The type of retinol you use is also crucial. While those with sensitive scalps (or skin in general) are probably best to avoid the ingredient altogether, anyone wishing to try it should opt for specific retinol-powered hair products, most of which use relatively mild and low forms of retinyl palmitate, the least irritating of all retinoids. “Retinyl palmitate can help strengthen the scalp by improving cell turnover and boosting collagen production to create the best conditions for the hair to grow,” says Taylor.
One thing that all experts can agree on is that retinol hair care will increase sun sensitivity just as it does on the complexion. Because of this, it’s crucial to remember your SPF, particularly at your parting to protect the scalp. The easiest way to apply this is with a spray SPF, like Neutrogena’s.

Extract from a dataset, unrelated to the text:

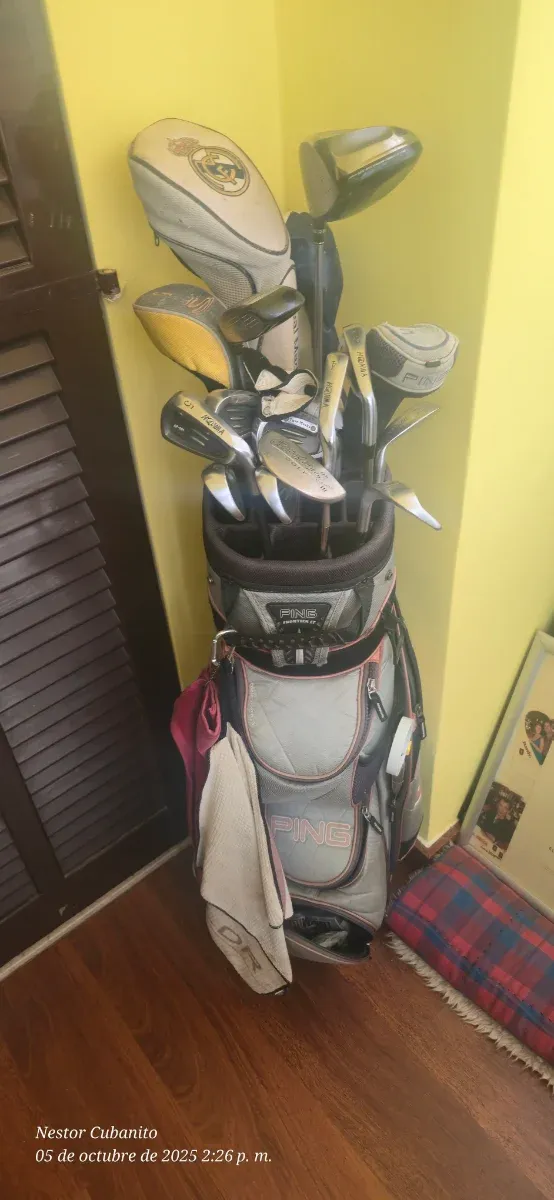 Se vende conjunto de palos de golf de primeras marcas. - Incluye bolsa de golf Ping. - Varios palos de diferentes tipos. - Fundas protectoras para algunos palos.

The retinol hair products to try
The world of retinol hair care is still relatively untapped, but we recommend watching this space in the coming year. These retinoid-powered formulas are the best of what the market currently has to offer:
Gaboardi recommends this duo, which sees retinyl palmitate on its Inkey List. “It features natural ingredients that reduce thinning and shedding, and stem-cell technology to increase blood flow and reignite the growth phase in hair,” she says.
Dr Dennis Gross’ retinol offering is the ultimate “skin care as hair care” product. It features some of the dermatologist’s go-to anti-aging skin-care ingredients (like peptides, salicylic acid, and retinol) to revitalize the scalp in the same way they do the complexion.
Mentioned by Dr. Wendy Roberts, Spark’s targeted treatment stimulates new hair growth in the follicle. One of its key ingredients? Retinol, of course.
Developed by British brand Monpure (which delivers to the US), this formula also uses gentle retinyl palmitate. Dr Chan, the brand’s resident derm, says the product promises to “exfoliate and stimulate cellular turnover, and can help boost the effects of other ingredients in the formula, such as pumpkin seed extract—which stimulates hair follicles.”